### EXERCISE GOAL:
Produce exactly the lines from the one holding "目前最强的弓兵还是后羿周瑜的" through the last line of the data below, with every picture left out.
+++ DATA SECTION
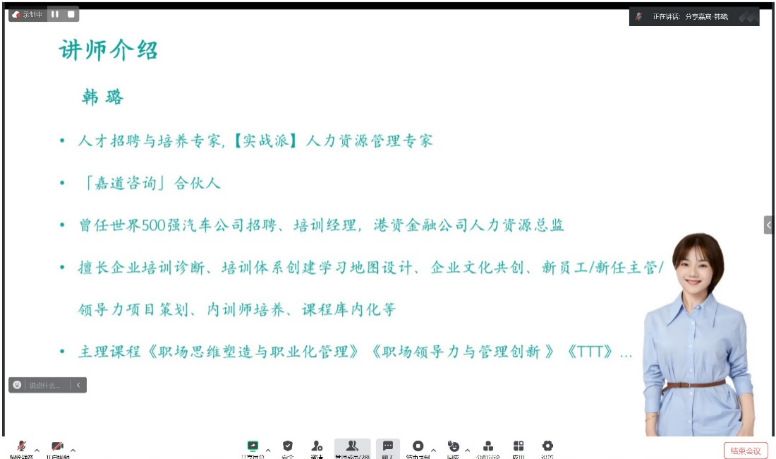 本科2024届辅导员伍丽主持,嘉道咨询培训合伙人韩璐老师进行主讲,来自全校各专业有求职计划的本科生、研究生共计40余名同学参加。
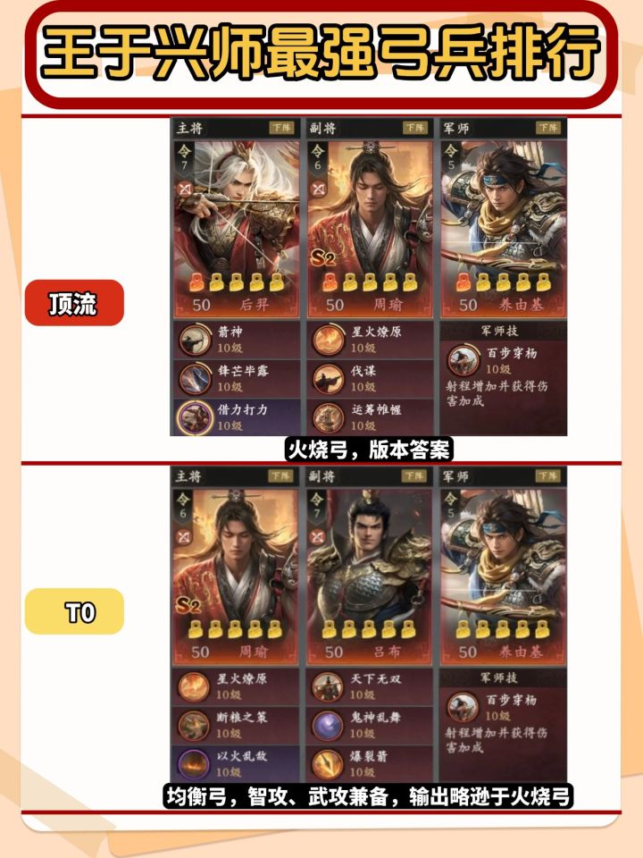 目前最强的弓兵还是后羿周瑜的火烧弓,然后是周瑜吕布的均衡弓,伤害略逊些最后就是赵云闪避弓,适合弓兵对射顺便提一嘴,王于兴师国际服已经上线,有没有一起组队征战的
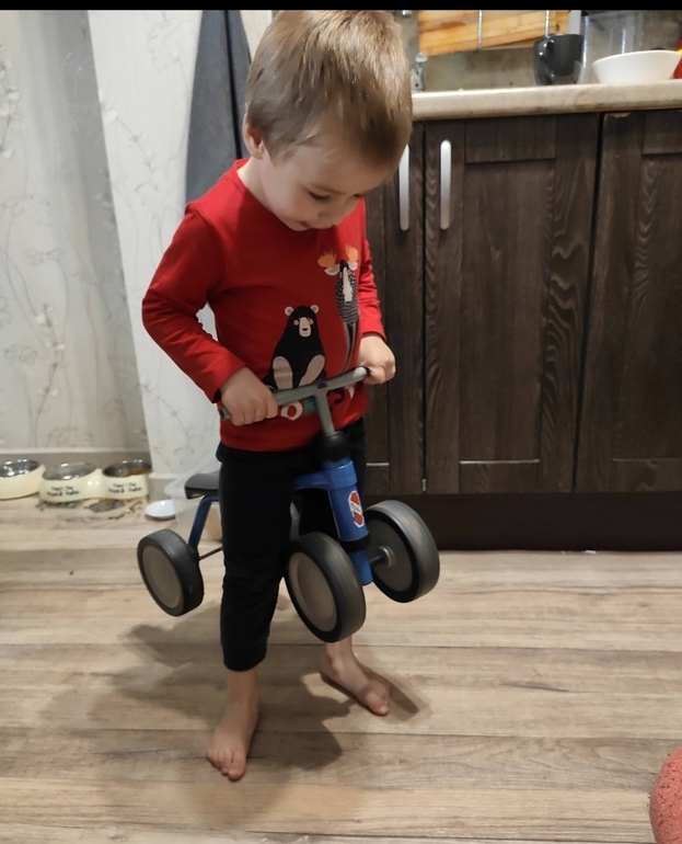 Он очень устойчивый и удобный, самая лучшая игрушка. Двухколесный нам пока точно рано.
++++++
### WRITTEN SOLUTION:
 目前最强的弓兵还是后羿周瑜的火烧弓,然后是周瑜吕布的均衡弓,伤害略逊些最后就是赵云闪避弓,适合弓兵对射顺便提一嘴,王于兴师国际服已经上线,有没有一起组队征战的
 Он очень устойчивый и удобный, самая лучшая игрушка. Двухколесный нам пока точно рано.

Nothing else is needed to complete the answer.